[Given information]:
——————

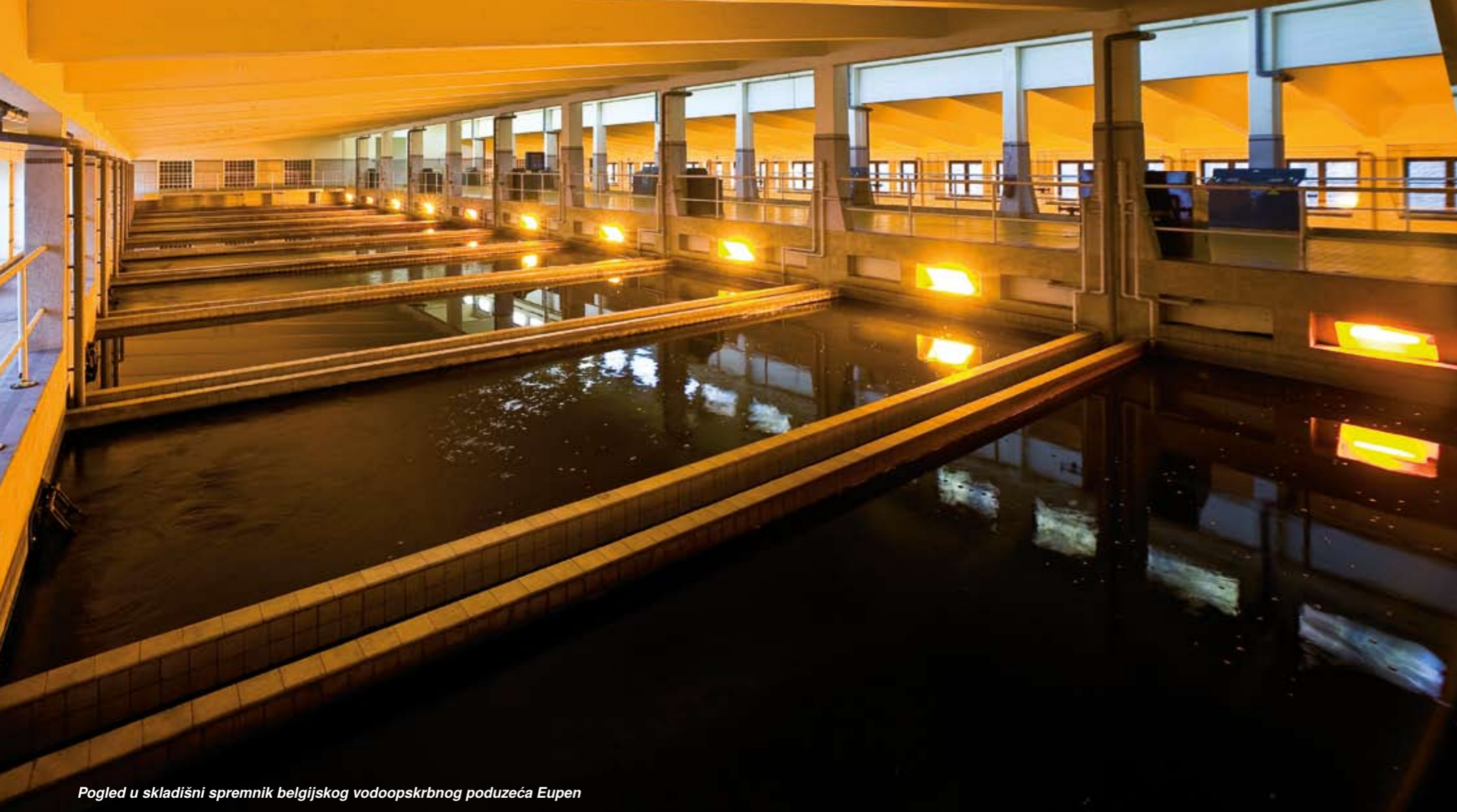
Pogled u skladišni spremnik belgijskog vodoopskrbnog poduzeća Eupen

ka, a samo do jedne trećine iz sredstava za pranje. Kemijsko razlaganje fosfata je skupo i dovodi do obogaćivanja soli u pročišćenoj vodi pa se i ovdje sve više primjenjuje biološki postupak na mikrobnj osnovi. I kod defosfatizacije bazen za oživljavanje čini prvi stupanj. Prozračuje se upuhanim zrakom kako bi se ovdje primijenjenim bakterijama
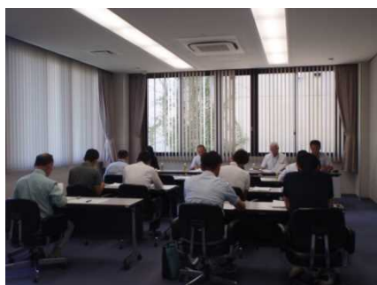
事業説明会の様子

7月13日(木)、本会会議室において平成29年度土地改良施設維持管理適正化事業新規加入地区及び実施地区説明会を開催しました。本事業は土地改良施設の定期的整備補修を行うもので、施設管理者の管理意識の昂揚を図るとともに、施設の機能保持と耐用年数の確保に資するものです。今年度は6団体から9名の出席があり、本事業の事業制度及び諸手続きについて説明を行いました。特に、今年度より農業水利施設への転落事故防止の安全施設(フェンス等)を整備する「安全管理施設整備対策事業」が追加されましたので、事業実施に向けてご検討ください。
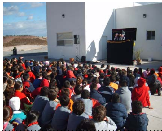
27 de Noviembre a las 8:30 hrs. Instituto Hamilton
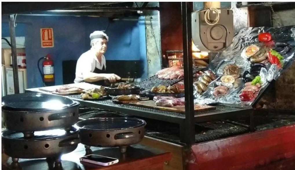
La parrilla comida y bebida
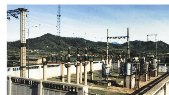
工程包括新建東江抽水站及加高深圳水庫大壩。
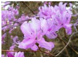
三葉躑躅(ミツバツツジ)
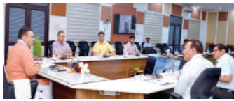
किसानों को फलदार पौधे उपलब्ध करवाएगी राज्य सरकार

नई दिल्ली। राज्य सरकार द्वारा वांसवाड़ा के झालरिया, उदयपुर के बांकी एवं गिरौरी के जयपुर में चंदन वन विकसित किए जाएंगे। इन प्रत्येक चंदन वन में 10 हजार से अधिक चंदन के पौधे रोपित किए जाएंगे। मुख्यमंत्री भजनलाल शर्मा ने रिविवा को मुख्यमंत्री मिशन पर आयोजित बैठक में इन चंदन वनों के लिए गुणवत्तापूर्ण पौधों का चयन करने तथा इनकी सुरक्षा के लिए चर्चित स्थानों पर फेंसिंग के कार्य एवं सिंचाई के लिए समुचित व्यवस्था
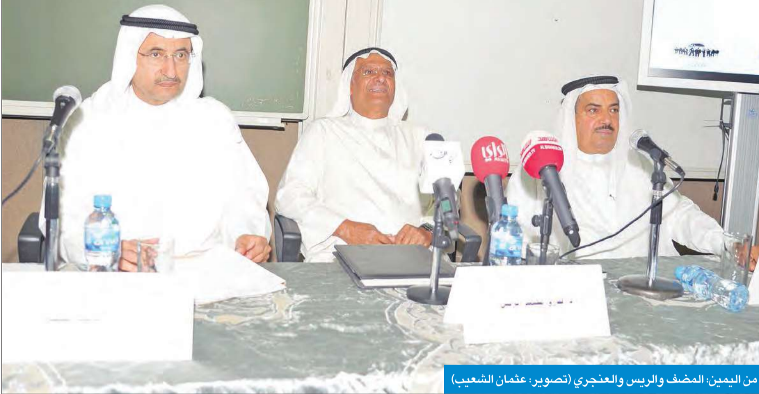
من اليمين: المصنف والريس والعنبري

أكد نائب رئيس مجلس الأمة وزير العدل والشؤون القانونية السابق مشاري العنبري، أن الوضع الإداري سيئ، حيث تفشت فيه الرشوة، وزادت المشاكل، ووصلنا بمدركات الفساد إلى أرقام متقدمة، وتراجعنا على جميع الصعد.
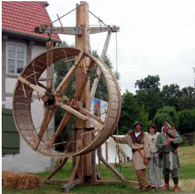
Der Laufradkran ist eine Attraktion bei mittelalterlichen Veranstaltungen.
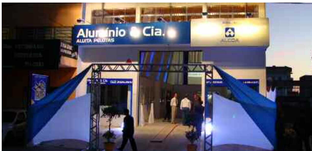
● A loja Aluítia, de Pelotas-RS, uma das 22 da Rede Alumínio & Cia. que serão inauguradas até o fim do ano

As próximas lojas cujas inaugurações estão confirmadas, ainda este ano, são as de Pelotas-RS, Cuiabá-MT, Palmas-TO, Marabá-PA, Porto Velho-RO, Garanhuns-PE, Campina Grande-PB, Juazeiro-BA, Mossoró-RN e outras.
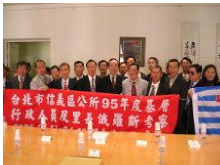
與本國代表處雙方留影紀念

里長們與代表處長官閒話家常後，互贈紀念品，隨即接受代表處熱情午宴款待（日本料理），賓主盡歡，熱情合影，依依不捨離去，接續下午行程。
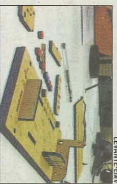
Joc de taula de llargues.
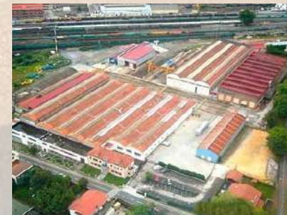
Edificio CAF - Beasain (Guipúzcoa)
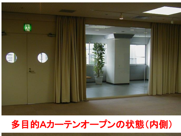
多目的Aカーテンオープンの状態(内側)
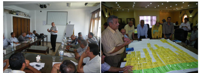
研修実施者向け研修
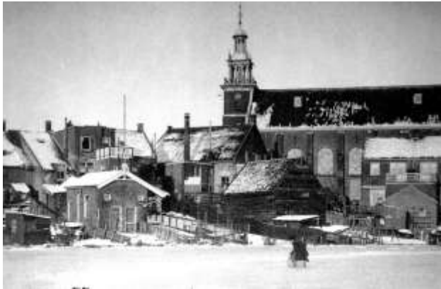
Karakteristiek plaatje; het landschap van een dorp

Eeuwenlang hebben mensen op deze plaats gewerkt, gewoond, gebouwd, gegraven, geplant en zo het landschap een eigen gezicht gegeven.
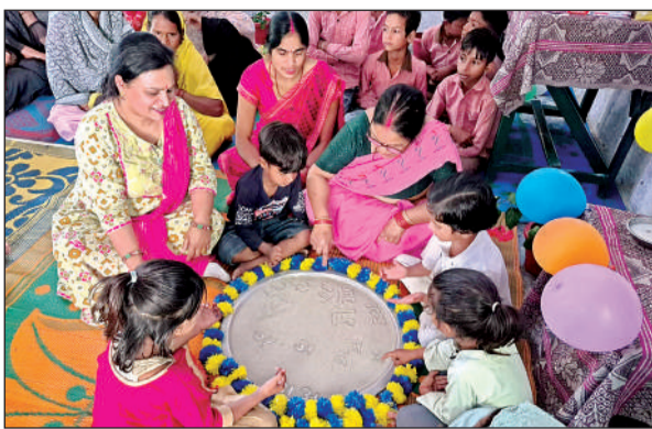
प्राथमिक विद्यालय रिजगिर के कोलोकेटेड आंगनवाड़ी केंद्र में नवारंभ उत्सव में रेत पर लिखते बच्चे।
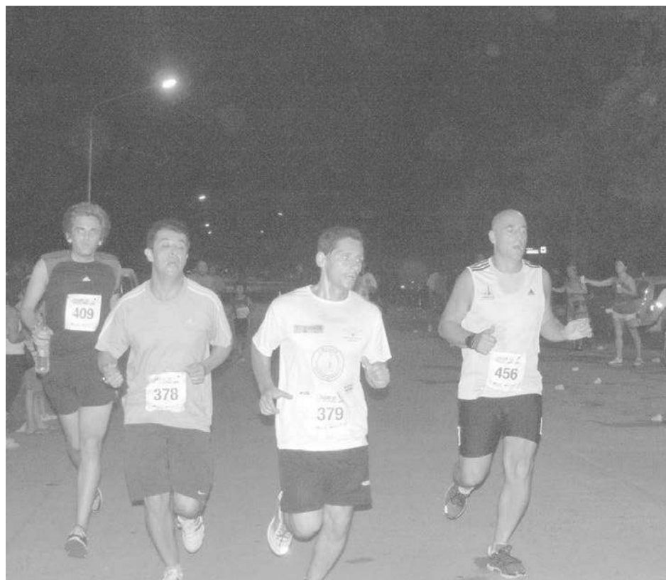
Maratonistas locales en plena competencia el día sábado.
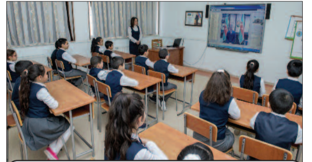
Naxçıvan şəhər 1 nömrəli tam orta məktəb

Vurğulanıb ki, Naxçıvan Muxtar Respublikası Konstitusiyasının qəbul edilməsi Naxçıvan Muxtar Respublikasının statusunu, muxtariyyətinin əsaslarını, dövlət hakimiyyətinin hakimiyyətlərin bölünməsi prinsipi əsasında təşkilini, onların qarşılıqlı əlaqəsini müəyyənləşdirib. Həmin Konstitusiyaya ilə Naxçıvan Muxtar Respublikasında ilk dəfə Ali vəzifəli şəxs institutu təsis edilib. Bu Konstitusiyanın qəbulu siyasi-hüquqi əhəmiyyətinə görə nəinki muxtar respublikada, bütövlükdə, ölkəmizdə mühüm əlamətdar hadisəyə çevri-
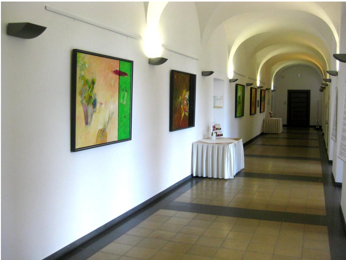
Robert-Schuman-Haus: 10 Vorstudien zum Zyklus: shir: Das Hohelied Alle 105x133cm. Eröffnet am 1. April 2015
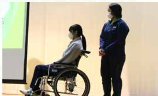
健康福祉科目群介護実習
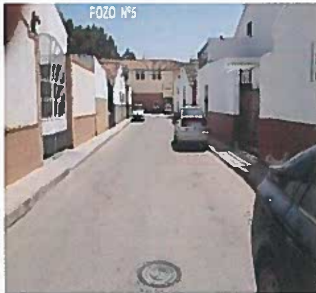
CALLE LA MATILLA 37º41'24" N 5º 26'30" W
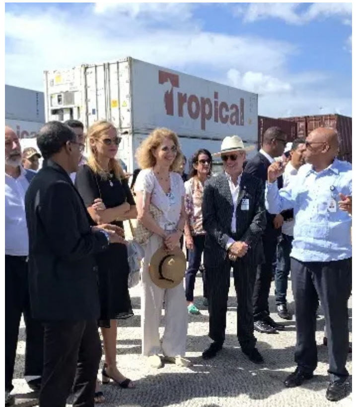
Los diplomáticos visitaron también algunos puertos.
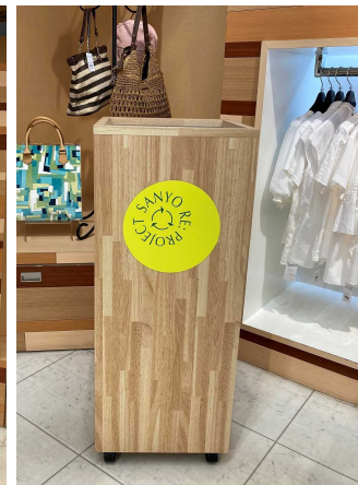
衣料回収ボックス
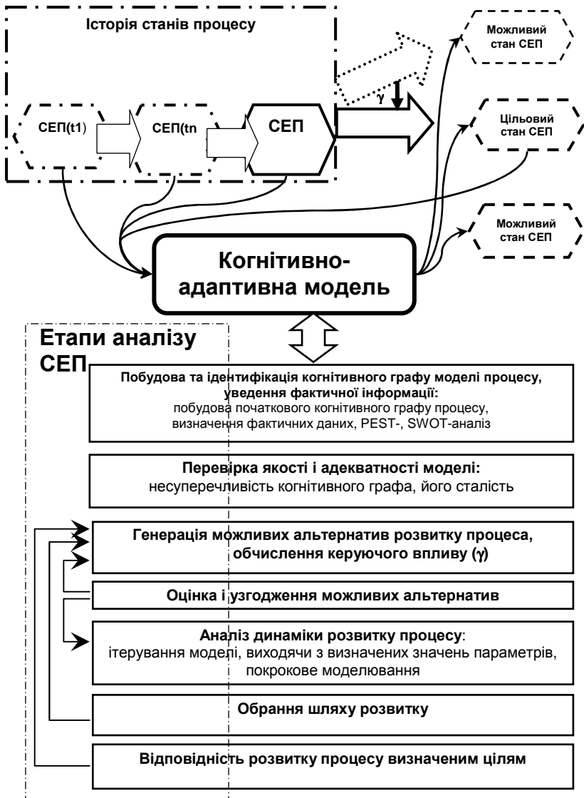
Рис. 2. Етапи аналізу соціально-економічного процесу (СЕП) із застосуванням КАМ
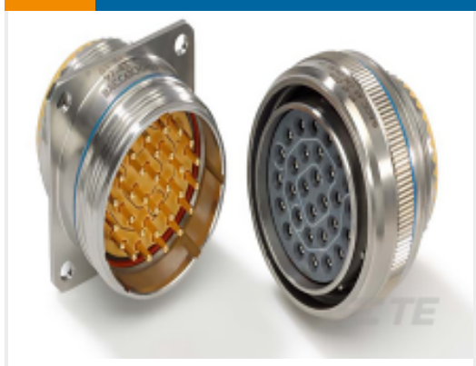
TE 产品编号 ZPF000000000205015 983-0A 20-39 PN-L
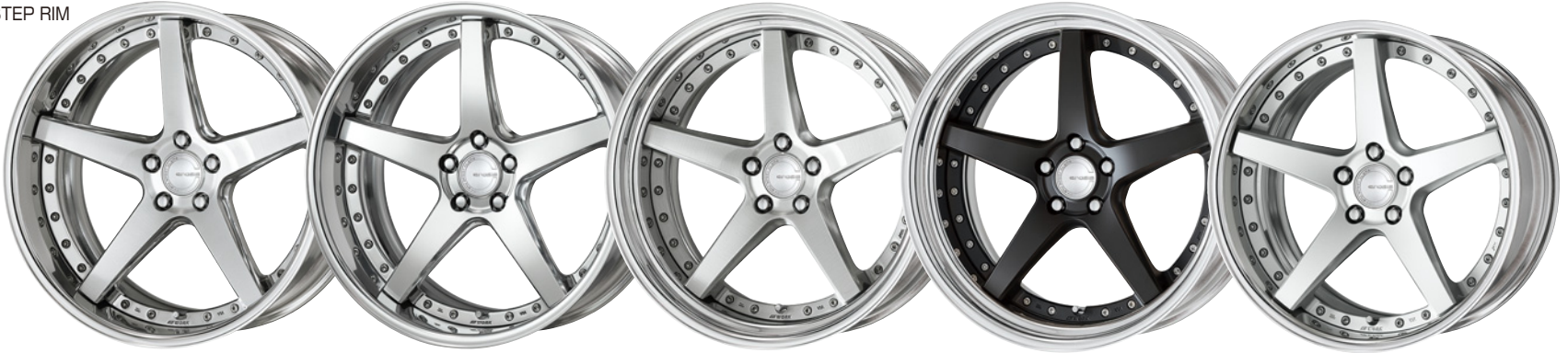
コンボジットバフブラッシュド・PBU 20 (ディープコンケイブ)
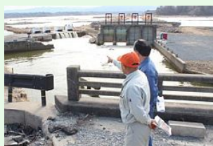
状況を説明する桜井市長
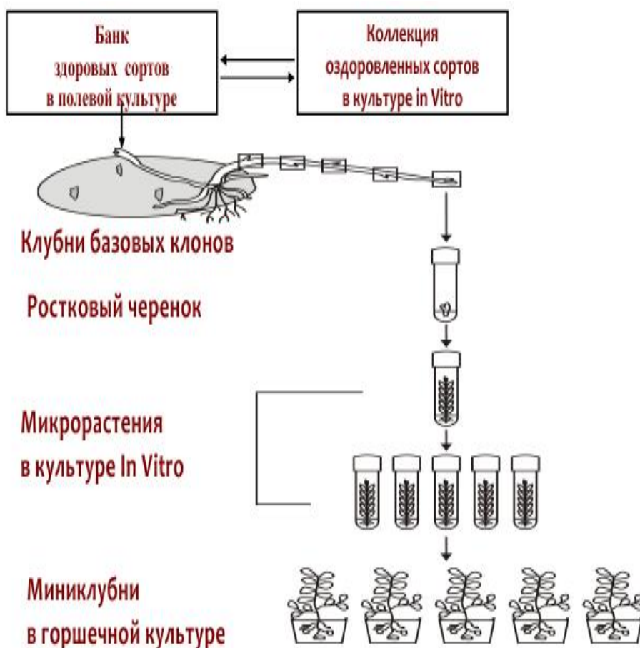
Рисунок 2 - Схема получения миниклубней на основе базовых клонов из БЗСК

необходимые процессы роста и тиражирования материала для увеличения объема производства, микрорастения подготавливаются для дальнейшего использования в семенном процессе в условиях защищенного грунта, или к примеру аэропонных установках [2].
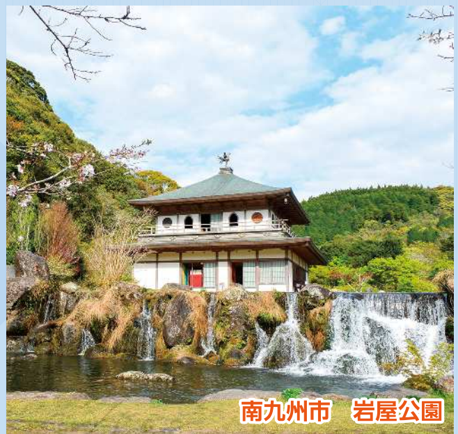
南九州市 岩屋公園
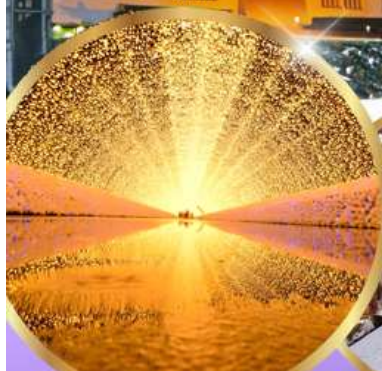
นาคานะ โนะ ซาโตะ
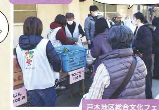
冬野菜の販売を行いました! 戸木地区総合文化フェア
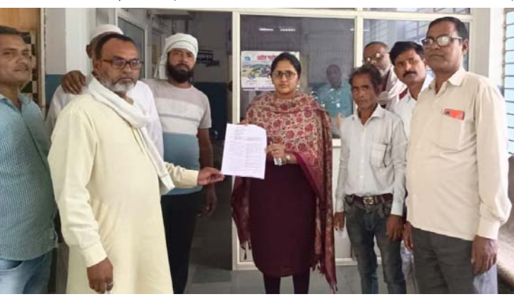
दुकानों के निर्माण कार्य को रुकवाया जाये। (2) उक्त जमीन पर ईदगाह निर्माण की स्वीकृति हुई है, अतः ईदगाह निर्माण कार्य शुरू कराये जाने के लिए खर्दखर्द की जा रही है एवं इनके द्वारा समाज के विरुद्ध कार्य किये जा रहे हैं। अतः इन्हें पद से हटाकर एवं इनके कार्यकाल में इनके द्वारा हुई सभी
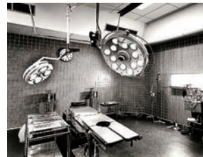
開院当時の手術室
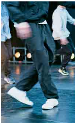
Junge Talente jong talent

Ook dit jaar geeft GENERATION2 jonge choreo- grafen de kans om hun artis- tieke werk te tonen aan ons festivalpubliek. Afgestudeer- den en huidige studenten van verschillende dansscho- len in Duitsland en Neder- land presenteren momenteel hun werk in een selectiepro- ces en de geselecteerde stuk- ken worden in januari 2020 bekendgemaakt.
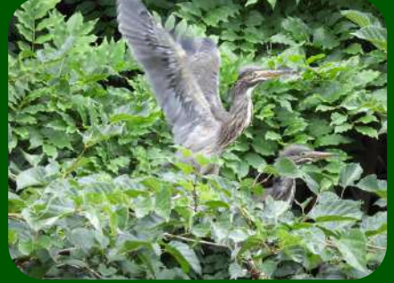
2020/7/24 「ササゴイ」 鶴岡市 市の中心部にある鶴岡公園では、コロナ禍の中人知れずササゴイの幼鳥がすくすくと育っていました。
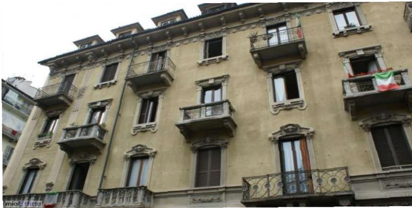
Rif. Sezione B: Vita civile in Italia
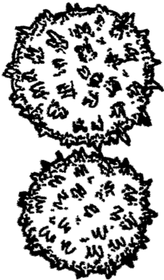
Рисунок 2 - Пыльцевые зерна хлопчатника ( Gossypium hirsutum L.)
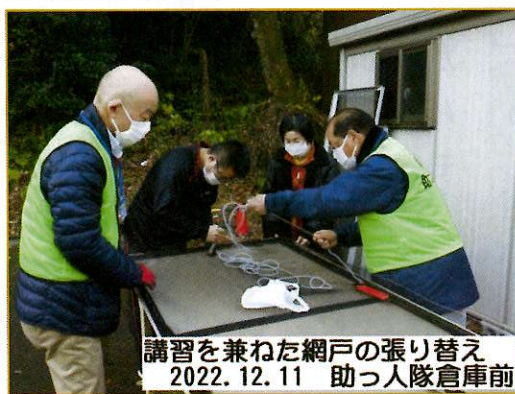
講習を兼ねた網戸の張り替え 2022. 12. 11 助っ人隊倉庫前

今後の課題は、助っ人隊をもっと利用し易くする方法を考えること、支援依頼の受付を充実すること、隊員を手配するコーディネーターを増員することなどです。
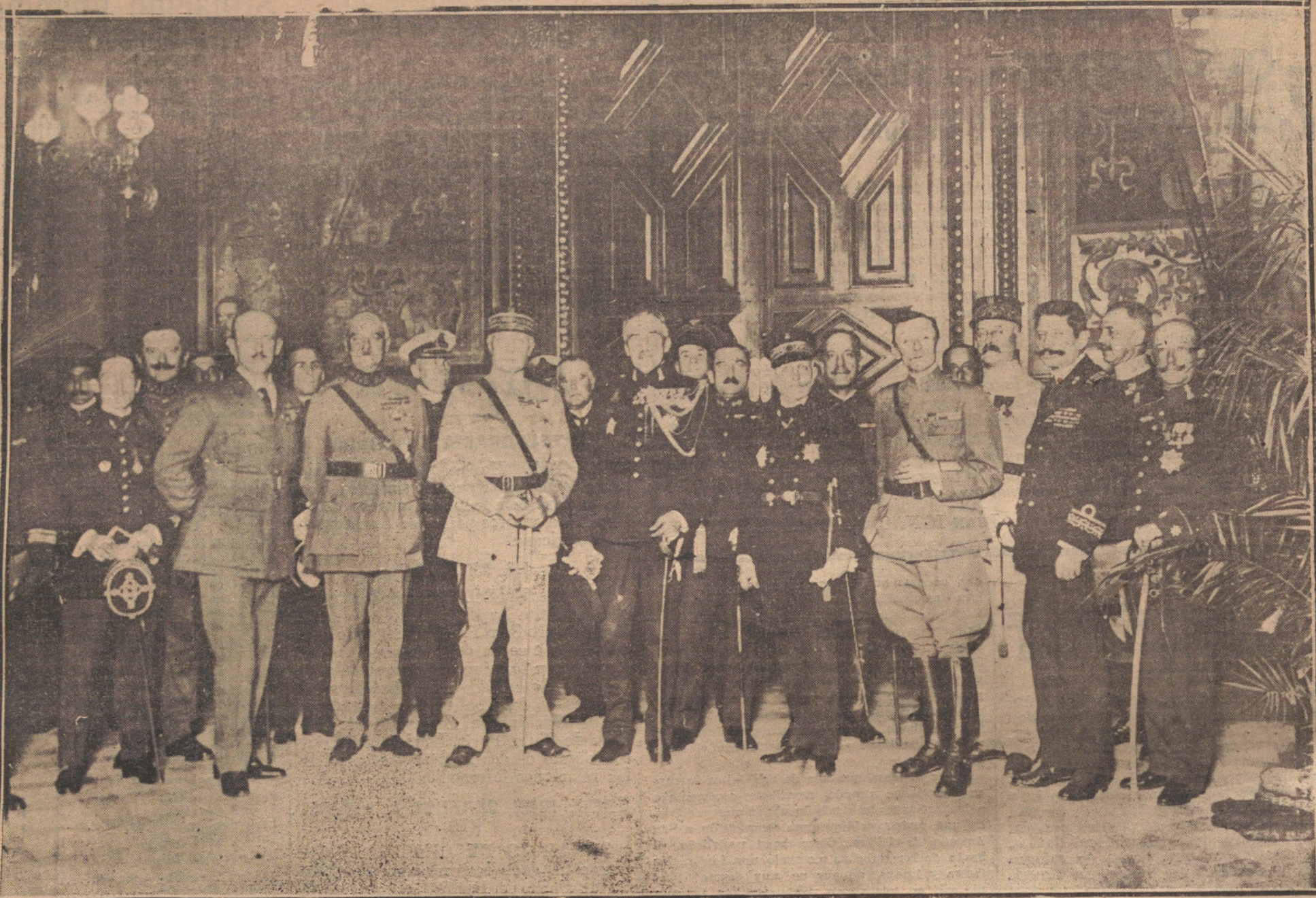
LA LIGA DE LAS NACIONES EN SAN SEBASTIAN.—PRIMERA SESION DE LA COMISION MILITAR INTERNACIONAL DE ARMAMENTOS. LOS DELEGADOS DESPUES DE LA SESION CELERADA EN EL PALACIO DE LA DIPUTACION.

——————

[The problem]:
Working from the records above, find how many lines contain the string "Рисунок" and answer with the bare number.

[Final answer]:
2